This section is from the book "The Gardener's Monthly And Horticulturist V23", by Thomas Meehan. See also: Four-Season Harvest: Organic Vegetables from Your Home Garden All Year Long.
The rule in pruning grape-vines, is to shorten the shoots in proportion to their strength]; but, if the advice we have given in former summer hints has been attended to, there will be little disproportion in this matter, as summer pinching of the strong shoots has equalized the strength of the vine. Those who are following any particular system will, of course, prune according to the rules comprising such system. As a general rule, we can only say, excellent grapes can be had by any system of pruning; for the only object of pruning in any case is to get strong shoots to push where they may be desired, or to add to the increased vigor of the shoot, which pruning supposes will follow the act, increased size in the fruit it bears.
Manuring of grapes should be regulated by the nature of the soil. If it be damp - in most cases a bad condition for grape-growing - stable manure in great quantities means diseased vines. In dry ground, it has a beneficial effect. Many persons of small places have grapes in damp ground, or can have none. They must take care to keep the roots near the surface; never crop the ground about them to destroy the small fibres, if it can be avoided; and even good may often follow, when the vines seem failing, to carefully follow up the roots, lift near the surface, and encourage, as much as possible, those remaining there. Wood-ashes, bone dust, and such like fertilizers are best for grape vines in low ground.
Do not plant any tree deep - cut off tap roots, and do all you can to encourage surface fibres. Surface manuring is the best way of doing this after the tree is planted. Do not allow any thing to grow vigorously around your trees the first year of planting, nor allow the soil to become hard or dry. Let trees branch low, and prune a little at transplanting.
As to whether underdraining, although a benefit in the abstract, is sufficiently so as to be a profitable operation in many cases, is a question deserving some thought before embarking largely on labor and materials, costing say a dollar against an improvement not worth more than one or two per cent, per annum, is not the most judicious expenditure. When one has a very wet piece of ground there can be no mistake about the value of underdraining it, provided one has no other ground fit for fruit trees that is not wet; but when the ground is naturally in fair condition, it would be well to go by the advice of some practical man, or at least experiment on a small scale first, before embarking largely in the improvement.

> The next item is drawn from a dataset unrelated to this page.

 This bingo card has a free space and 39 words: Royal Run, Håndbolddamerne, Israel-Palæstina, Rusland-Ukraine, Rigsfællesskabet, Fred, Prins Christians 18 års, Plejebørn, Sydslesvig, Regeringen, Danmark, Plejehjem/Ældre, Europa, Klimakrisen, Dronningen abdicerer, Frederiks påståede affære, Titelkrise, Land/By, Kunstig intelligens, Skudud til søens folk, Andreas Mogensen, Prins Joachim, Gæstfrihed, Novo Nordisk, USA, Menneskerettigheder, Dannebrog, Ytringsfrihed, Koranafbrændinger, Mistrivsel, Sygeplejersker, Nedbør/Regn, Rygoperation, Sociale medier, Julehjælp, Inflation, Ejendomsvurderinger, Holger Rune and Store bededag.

The Strawberry, where it has been covered during the winter, should be uncovered as early as possible in spring, that the warm spring suns may exert all their influence on producing an early crop. As soon as growth commences, a sowing of guano has been found to be of great benefit to the crop of fruit.
In the vegetable garden we have few hints to give to those who grow for profit. Pew seldom go into the vegetable business until they have had some amateur experience, and after this they know how to make money better than we can tell them. But the amateur may be benefited by what we say, and he can go into the profitable line afterwards.
In managing the vegetable garden the highest excellence should be aimed at. This is the chief source of pleasure in a garden. If one can take no pleasure in his garden; if the watching of the beautiful processes of nature in furnishing him food, and the many lessons they offer to teach, and which he in a thousand ways can so pleasurably and profitably apply, have no charms or attractions for him, he had better give up gardening; for, assuredly, in most cases - even to ninety-nine in one hundred instances - the market gardener will bring the vegetables to his own door cheaper than he can grow them. Amateur gardening should primarily be pursued for the lessons it teaches, and the pleasure it affords. When it ceases to do this it should be abandoned.
One of the most interesting parts of a vegetable garden is a hot-bed for starting seeds early. The end of the month will be time enough for those who have not command of a large supply of stable manure, as the very low temperature we often get at the end of the month, soon absorbs all the heat the hot bed possessed. It is in any event best to put up the beds in the warmest and most sheltered spots we can find, and to keep cold winds from the manure, by covering it with branches of trees or mats; and the glass should always be covered with mats at night. Tomatoes, egg-plants, peppers and cucumbers, are the first seeds to be sown this way. Cooler frames can be got ready for cauliflower, lettuce, beets, celery and Early York cabbage, a little of which may be sown about the end of the month for the earliest crop. The cauliflower is a particularly valued vegetable, and no expense spared to get them in perfection will be regretted when one's efforts are successful.
Those who have hot-beds will now sow tomatoes, egg-plants, peppers, and other vegetables that can be forwarded by this means; and those who have not, will sow them in boxes or pans, and forward them in windows. Every garden ought to have at least a few hot-bed sash to forward early vegetables; for if they have no means of applying artificial heat to them, the sash will of itself forward some things considerably.